From the article: The reaction of the Java developer community to our report is ...

tveita · on Feb 24, 2015

It looks like the Python version that's good for 2^49 items uses 1360 bytes for this array, allocated on the stack.

I wouldn't worry about an extra couple of bytes nearly as much as I would worry about changing the behaviour of a function used in an "astronomical number of program", so this looks like a pretty reasonable and conservative choice, at least for an immediate patch.

krick · on Feb 24, 2015

Does it "change behavior"? As far as I understand, the only change is that this test wouldn't crash anymore. Which certainly is "changing the behavior", but allocating more memory is as well. If so, I don't see any reason not to use formally verified version. Not that it is really important, but quite reasonable.

pron · on Feb 24, 2015

They fixed it. The question of whether or not it was the "proper" fix (out of the two proposed solutions) is complicated. The maximum working array length was changed from 40 (ints) to 49. The difference in this case means that even an additional cache line won't be necessary, and if it is -- only for arrays 120K long. This may have been judged to be better than adding more branches to each iteration (and the code lengthened) which will need to run no matter the input size.

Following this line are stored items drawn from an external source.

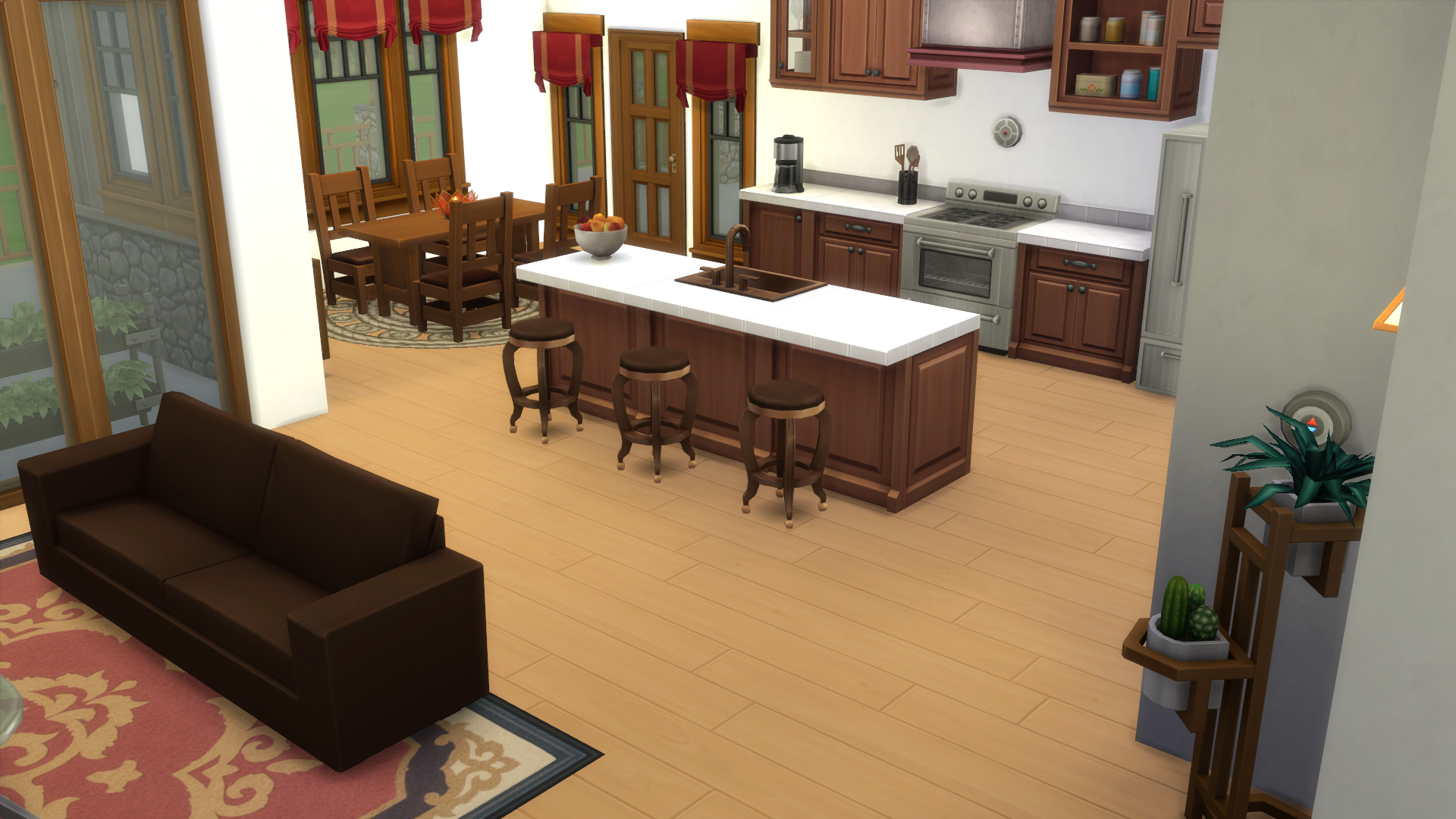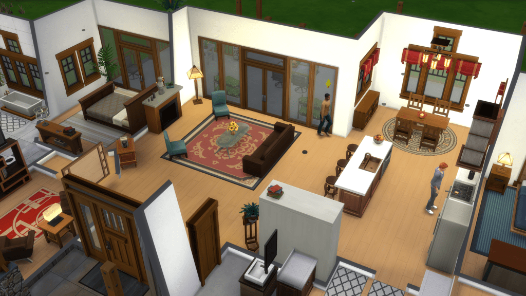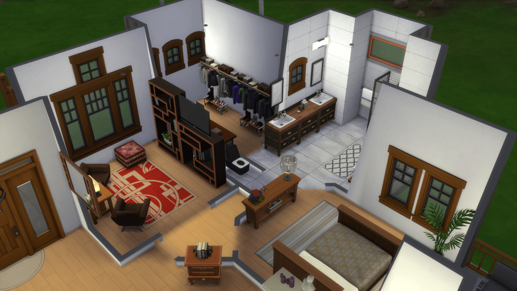 In The Sims, I used the move objects cheat to place windows and doors exactly where I wanted them, some furniture and decorative objects too. I also used the motherlode cheat with one of my Sims to fund his purchase of the house so I could get in there and take pictures with game camera. I also toured him around the place checking that everything worked and didn’t find any stupid bugs—except for the one door without an exterior staircase because diagonal staircases are not a thing.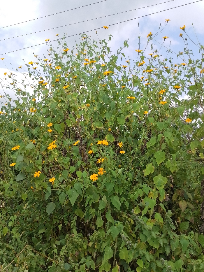 - "The image displays a dense growth of Tithonia diversifolia (Mexican sunflower) plants, characterized by numerous vibrant yellow flowers and abundant green foliage, dominating the foreground and midground" by FM-TKrYD3, licensed under CC BY 4.0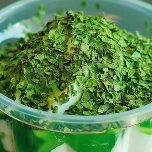 密集的香菜碎叶覆盖在香草冰淇淋顶端,加上绿色的青柠酱,整个颜色看起来就一绿到底。不过与你想象中的不同,它没有用新鲜香菜叶,而是类似于方便面调料中的脱水蔬菜,微辣加上青柠酱的混合酸甜口感,实际上香菜的味道并没有过分浓郁。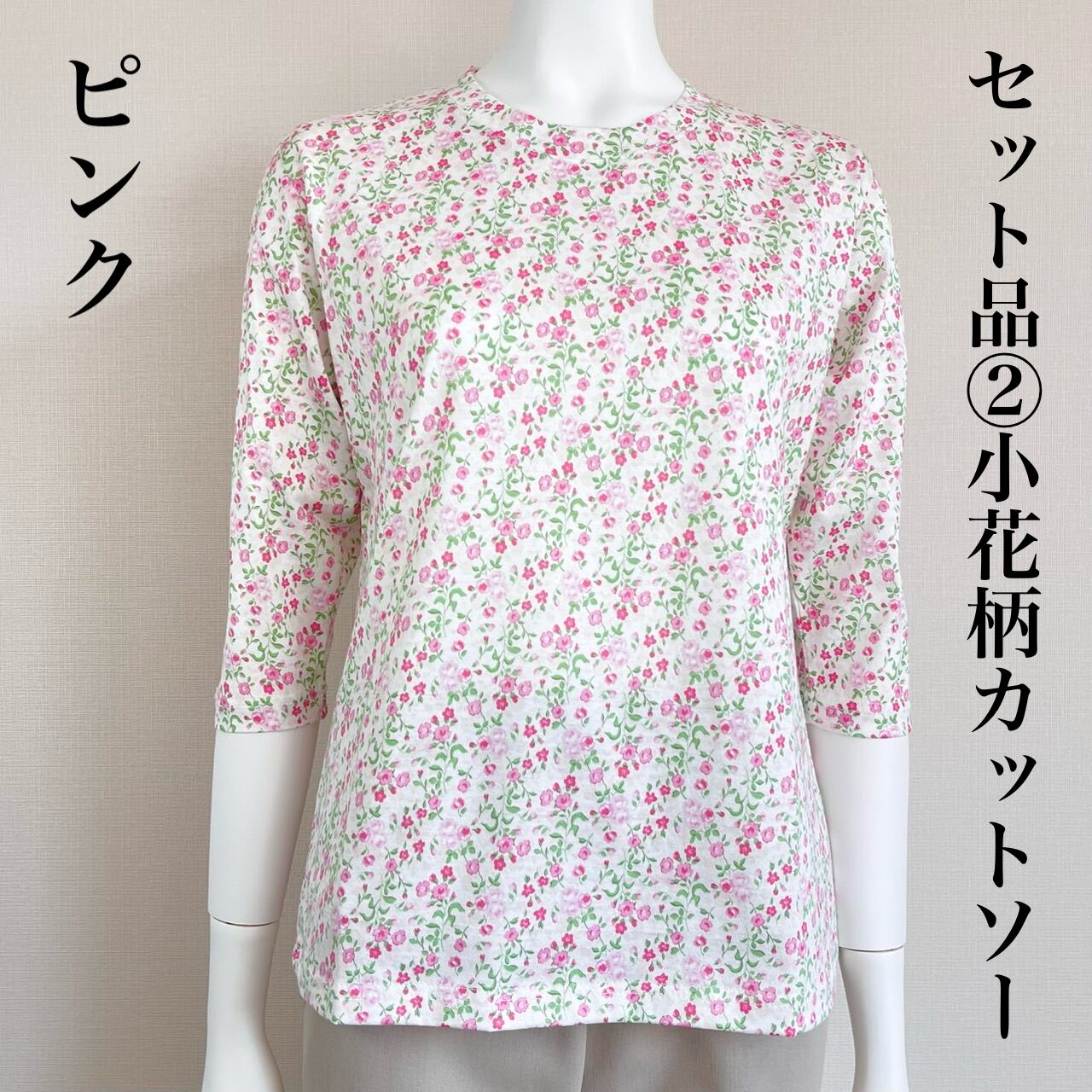 小花柄のピンク色カットソーをセットにしました。

My guess is that they ran a JMH benchmark with each proposed fixed, and picked the better one. In either case, I doubt that makes much difference.

bsdetector · on Feb 24, 2015

Which costs more, doubling the number of runLength comparisons or allocating more memory? Without knowing that answer it's hard to say which is the better solution (assuming more memory actually fixes the bug).

marcosdumay · on Feb 24, 2015

Exchanging memory usage for equality comparations is an almost universal no brainer. The number of comparations must increase hundreds of times for compensating doubling the memory usage... and that's just for performance, for energy savings you'll need more.

pron · on Feb 24, 2015

They've added 36 bytes for input sizes > 120K elements. That's not even one cache line. This, instead of a few more branches that would need to run every iteration, no matter the input size. I haven't run a benchmark (they probably did), but my gut says they've made the right choice.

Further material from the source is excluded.